カヤスワヲ
〈芸術〉が成立して自明と受けとられてしまうとき、
〈芸術〉は〈芸術〉が成立するまでのそれまでの来歴を隠蔽・消去してしまう。
あたかも〈芸術〉がそれ自体自明で、疑うべからざるものであるかのように。この点、〈貨幣〉の成立に似ている。

〈芸術〉が自明であると勘違いした連中が「芸術のための芸術」などと駄法螺をふく。連中の言い分では、
芸術のための芸術というセオリーに〈芸術〉は従う(または、従わせる、従うべきだ。)というわけだ。

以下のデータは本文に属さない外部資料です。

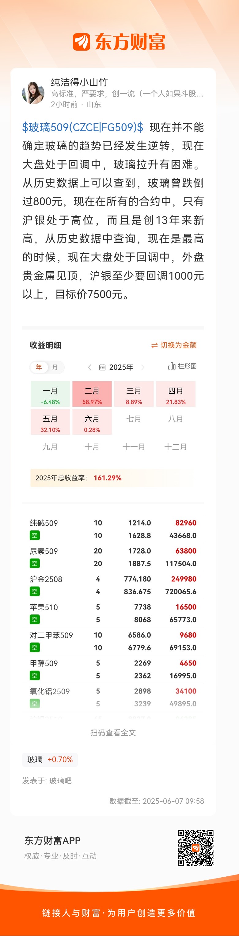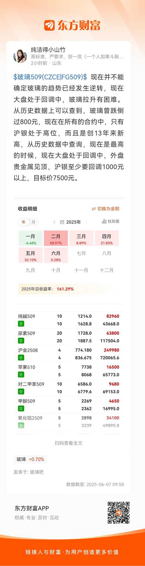 $玻璃509(CZCE|FG509)$ 现在并不能确定玻璃的趋势已经发生逆转,现在大盘处于回调中,玻璃拉升有困难。从历史数据上可以查到,玻璃曾跌倒过800元,现在在所有的合约中,只有沪银处于高位,而且是创13年来新高,从历史数据中查询,现在是最高的时候,现在大盘处于回调中,外盘贵金属见顶,沪银至少要回调1000元以上,目标价7500元。

しかし矛盾している。そのセオリー自体が〈芸術〉の経験・反復から教訓として引き出されたわけで、
ましてや〈芸術〉に先行するものではないからだ。〈芸術〉は本来的に豊かであり
(小説における〈雑〉を見よ。その強みは豊かさ=猥雑さではないか?)、
部分的に矮小化されたセオリーに従う謂れはない。

「芸術のための芸術」なんてのは、資本主義下に花ひらいた冷厳な徒花にすぎない。
あらゆる芸術論に隠蔽されたブルジョワ美学を暴くこと。それが肝要だ。

マルクス主義の強みは、理論的であることだが、ここでいう理論的であるということは、
資本主義との政治・経済的闘争においてであるし、また資本主義の文化=上部構造の研究において、である。

古井由吉なんかは、〈芸術〉(ここでいうと〈文学〉ですが)を自明なものとして受けとっていないですよね。
それゆえに古井の、意匠としてではない本源的なマニエリスムがあるし、渡部直己風に言えば「不達の愛技」がある。